A couple of thoughts: Marriage is not something that "you" put on a rail... it is something that "we" put on a rail. John is still there in that house because he chooses to be with you. If he did not, if he did not love you or care, he would not be there. Don't be so quick to assume that he is not ABLE to be on his own... he managed to survive for nearly a year, sick, unmedicated, seventeen and homeless, and then survived boot camp and a year in Saudi. He is there because he wants to be. Period.

And in all these years he has never, EVER, said anything negative about you to me. Not once. Ever.

I love you, dear. I love him. There are no sides to take. I will always be here when either of you need me.

Secret Agent Peanut, aka Stephanie said...

With all due respect:

My marriage, right now, is on a rail because John put it there.

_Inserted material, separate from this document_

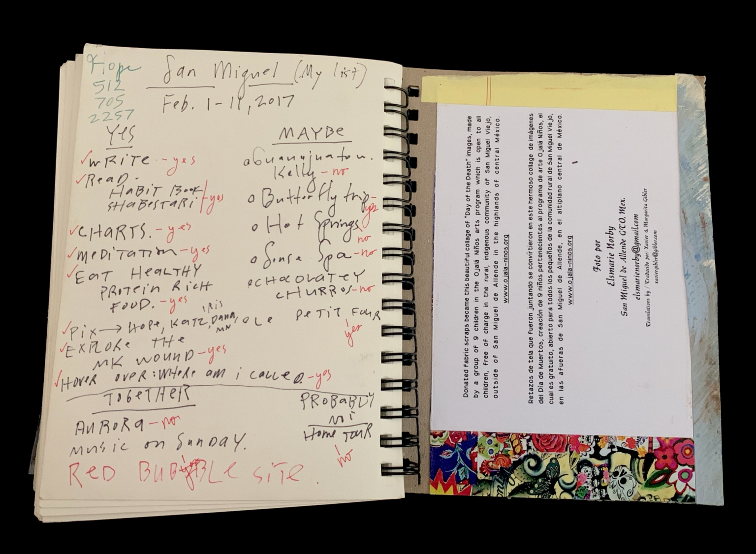- The image shows an open spiral-bound notebook with handwritten notes. The left page contains a list of tasks or goals with checkmarks next to completed items. The right page includes a note about a Day of the Dead collage made by children in San Miguel de Allende, Mexico, and a photo credit to Elsmarie Norby. The notebook has a colorful, patterned bookmark at the bottom.

I did not.

You don't actually know what is happening or has happened because you had your own stuff going on and Richard explicitly told me NOT to call or text you guys. So I didn't. I am not at fault for that, either.

I am not going to fight with you in a blog. I do not believe that I even intimated in this post that John isn't capable of taking care of himself, what I did say is that it remains to be seen whether or not he will be willing to do what is required of him to keep his life the way it is. In fact, right now, with his disability, if he leaves, he will actually be just fine. I am the one that gets screwed in that situation.

I don't have time to argue this with you until after my finals are done. If you want to talk during my break, I will talk to you. But don't attack me in my blog.